The copy you produce must repeat each record exactly and contain no pictures.

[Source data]
============================================================

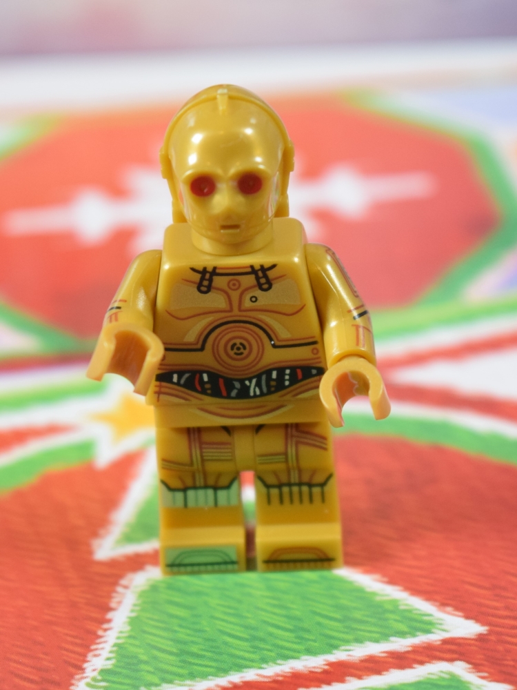As far as I can tell this version of C-3PO is actually unique to this set. The printing looks great, although it is a little disappointing not to see a proper dual-molded silver leg. I was surprised not to see any holiday printing / elements as typically the popular characters are a shoe-in for this.
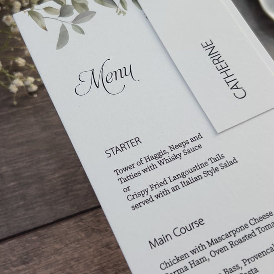 Style your wedding tables with our elegant printed Fiona Menu Cards, with Botanical Design available on beautifully light textured card. For a fully coordinated look, you can choose to add our matching Place Cards and Ribbon Tie.
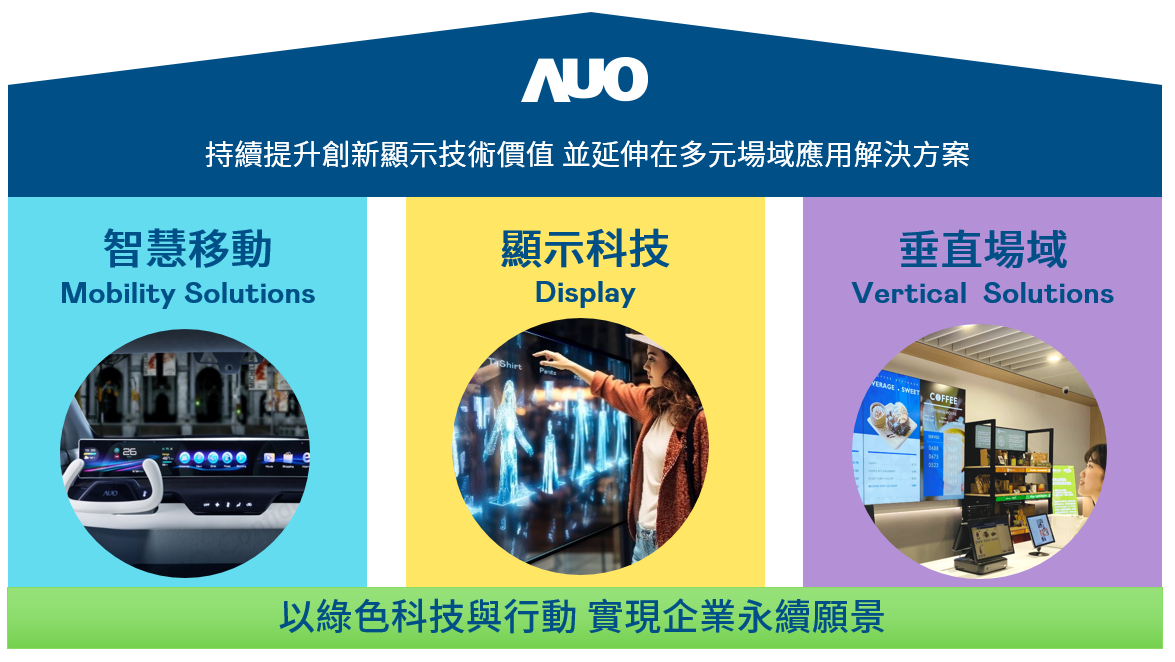 我們持續推動「雙軸轉型」,在精進顯示技術附加價值(Go Premium),與深化垂直市場應用(Go Vertical)的策略下,對應ag真人国际官网的優勢競爭力與趨勢,我們奠定顯示技術智慧移動垂直場域三大永續營運支柱,在顯示技術領域的根基之上,延伸布局多元場域應用解決方案。將先進顯示科技助力智慧移動及垂直場域發展,並以綠色科技與行動為實踐,在轉型之路上貫徹永續經營之願景。
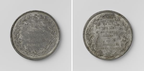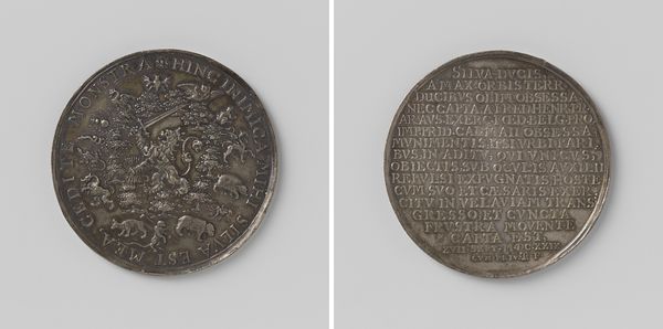 Curator: Before us we have a commemorative medal by Johannes Looff, produced in 1639. It's an engraving on metal, depicting "Slag bij Duins" or, the Battle of the Downs. Editor: The immediate impression is one of dynamic chaos rendered in miniature. The sheer density of detail, the tightly packed ships, it’s almost overwhelming for the eye. Curator: The artwork serves as a visual document of a pivotal moment in the Eighty Years' War, framing it as a decisive victory for the Dutch Republic against the Spanish fleet. It becomes more than just an artwork, it is propaganda meant to reinforce a rising sense of Dutch national identity. Editor: Absolutely, the formal elements contribute to that message. The engraver’s control is stunning, especially when you look at the wave patterns; how the forms are stylized but so expressive. I note that this contributes to an almost symbolic representation of naval power. Curator: Considering that context is key. Beyond the aesthetic, consider who had access to such an object? Medals like this were circulated among the elites to promote specific political viewpoints and affirm allegiances. It helped to solidify popular sentiment towards the Dutch cause. Editor: While appreciating the historical weight, it's hard not to admire the balance achieved within that circular format. See how all these lines, perspectives, create a vibrant scene that is contained, self-referential almost? Curator: And we mustn’t disregard what a battle at sea really meant. Looking at these materials from our contemporary standpoint we have to address slavery, racism and power. We should challenge its status as a celebration of military prowess, looking deeper at the exploitation and violence involved. Editor: Your analysis adds much to it. Seeing it this way adds such complex levels of meaning, highlighting the engraving’s intricate play of light and shadow and prompting to rethink that Baroque movement isn't merely decorative or illustrative, but often politically laden. Curator: It really urges us to examine the intersection between artistic representation and historical realities, in our ongoing understanding of conflicts old and new.
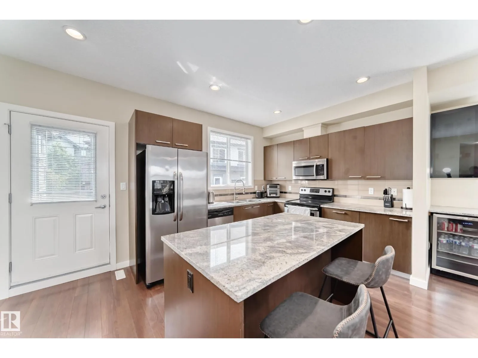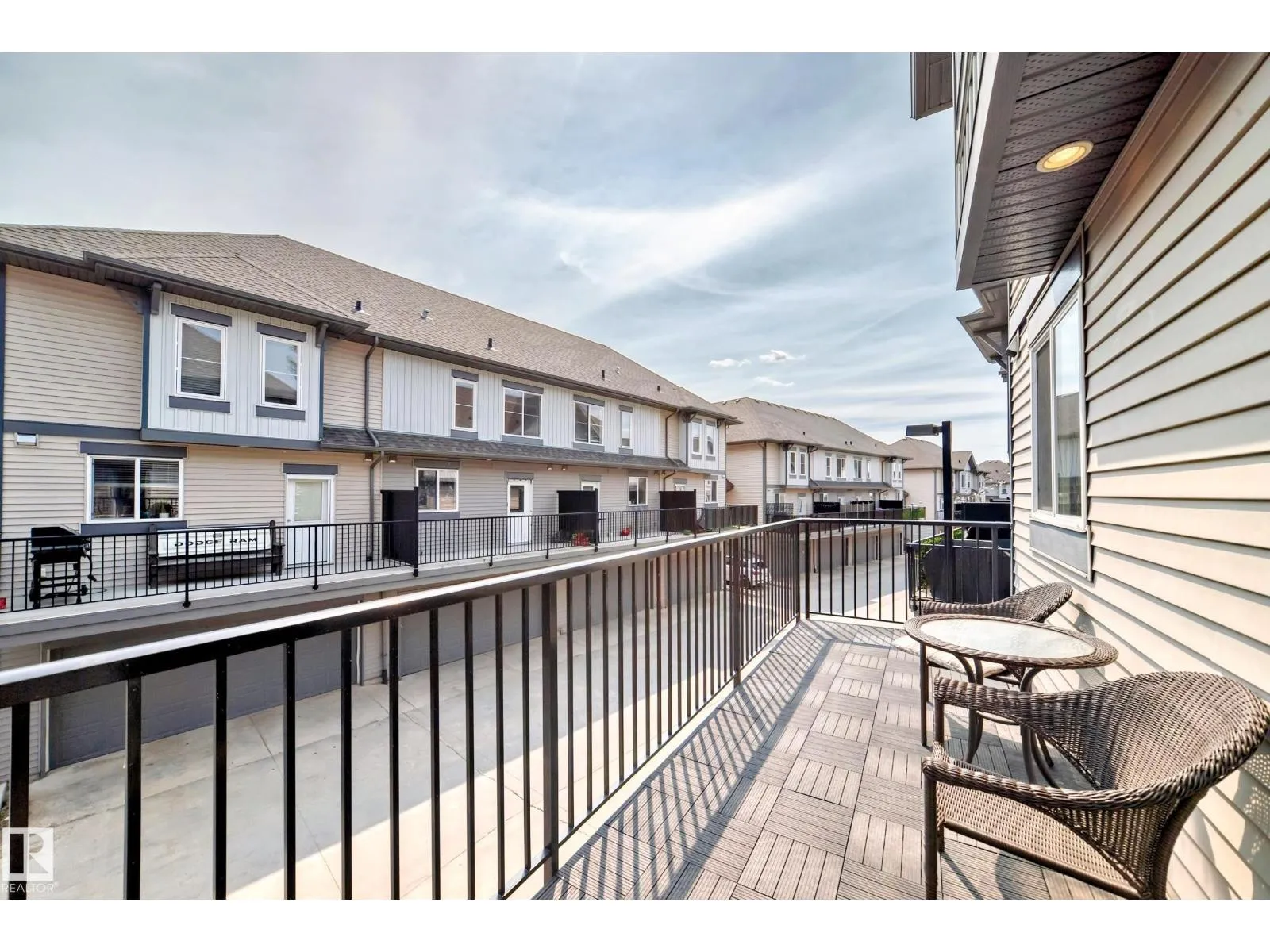 This immaculate freshly painted end unit townhouse has an incredible design with over 1,500 sqft of living space. It features a large living room with a 9 foot ceiling, lots of natural light, and a spacious kitchen equipped with stainless steel appliances, granite countertops, very large island, built in buffet with a wine cooler, and a pantry. This floor also has a 2 piece bathroom and a large deck. Upstairs you will find two spacious primary bedrooms with two full bath ensuites and plenty of closet space. The washer and dryer are conveniently located in the upper floor. Other bonuses included are the double attached garage, a central A/C for hot summer days and a window in the ensuite. The amenities include a clubhouse (social room and gym), visitor parking, lake access and more. Located in Walker Lakes only minutes from south common and the international airport. Move in ready! (id:27476)

============================================================

Reply to the task
As far as I can tell this version of C-3PO is actually unique to this set. The printing looks great, although it is a little disappointing not to see a proper dual-molded silver leg. I was surprised not to see any holiday printing / elements as typically the popular characters are a shoe-in for this.
 Style your wedding tables with our elegant printed Fiona Menu Cards, with Botanical Design available on beautifully light textured card. For a fully coordinated look, you can choose to add our matching Place Cards and Ribbon Tie.
 我們持續推動「雙軸轉型」,在精進顯示技術附加價值(Go Premium),與深化垂直市場應用(Go Vertical)的策略下,對應ag真人国际官网的優勢競爭力與趨勢,我們奠定顯示技術智慧移動垂直場域三大永續營運支柱,在顯示技術領域的根基之上,延伸布局多元場域應用解決方案。將先進顯示科技助力智慧移動及垂直場域發展,並以綠色科技與行動為實踐,在轉型之路上貫徹永續經營之願景。
 Curator: Before us we have a commemorative medal by Johannes Looff, produced in 1639. It's an engraving on metal, depicting "Slag bij Duins" or, the Battle of the Downs. Editor: The immediate impression is one of dynamic chaos rendered in miniature. The sheer density of detail, the tightly packed ships, it’s almost overwhelming for the eye. Curator: The artwork serves as a visual document of a pivotal moment in the Eighty Years' War, framing it as a decisive victory for the Dutch Republic against the Spanish fleet. It becomes more than just an artwork, it is propaganda meant to reinforce a rising sense of Dutch national identity. Editor: Absolutely, the formal elements contribute to that message. The engraver’s control is stunning, especially when you look at the wave patterns; how the forms are stylized but so expressive. I note that this contributes to an almost symbolic representation of naval power. Curator: Considering that context is key. Beyond the aesthetic, consider who had access to such an object? Medals like this were circulated among the elites to promote specific political viewpoints and affirm allegiances. It helped to solidify popular sentiment towards the Dutch cause. Editor: While appreciating the historical weight, it's hard not to admire the balance achieved within that circular format. See how all these lines, perspectives, create a vibrant scene that is contained, self-referential almost? Curator: And we mustn’t disregard what a battle at sea really meant. Looking at these materials from our contemporary standpoint we have to address slavery, racism and power. We should challenge its status as a celebration of military prowess, looking deeper at the exploitation and violence involved. Editor: Your analysis adds much to it. Seeing it this way adds such complex levels of meaning, highlighting the engraving’s intricate play of light and shadow and prompting to rethink that Baroque movement isn't merely decorative or illustrative, but often politically laden. Curator: It really urges us to examine the intersection between artistic representation and historical realities, in our ongoing understanding of conflicts old and new.
 This immaculate freshly painted end unit townhouse has an incredible design with over 1,500 sqft of living space. It features a large living room with a 9 foot ceiling, lots of natural light, and a spacious kitchen equipped with stainless steel appliances, granite countertops, very large island, built in buffet with a wine cooler, and a pantry. This floor also has a 2 piece bathroom and a large deck. Upstairs you will find two spacious primary bedrooms with two full bath ensuites and plenty of closet space. The washer and dryer are conveniently located in the upper floor. Other bonuses included are the double attached garage, a central A/C for hot summer days and a window in the ensuite. The amenities include a clubhouse (social room and gym), visitor parking, lake access and more. Located in Walker Lakes only minutes from south common and the international airport. Move in ready! (id:27476)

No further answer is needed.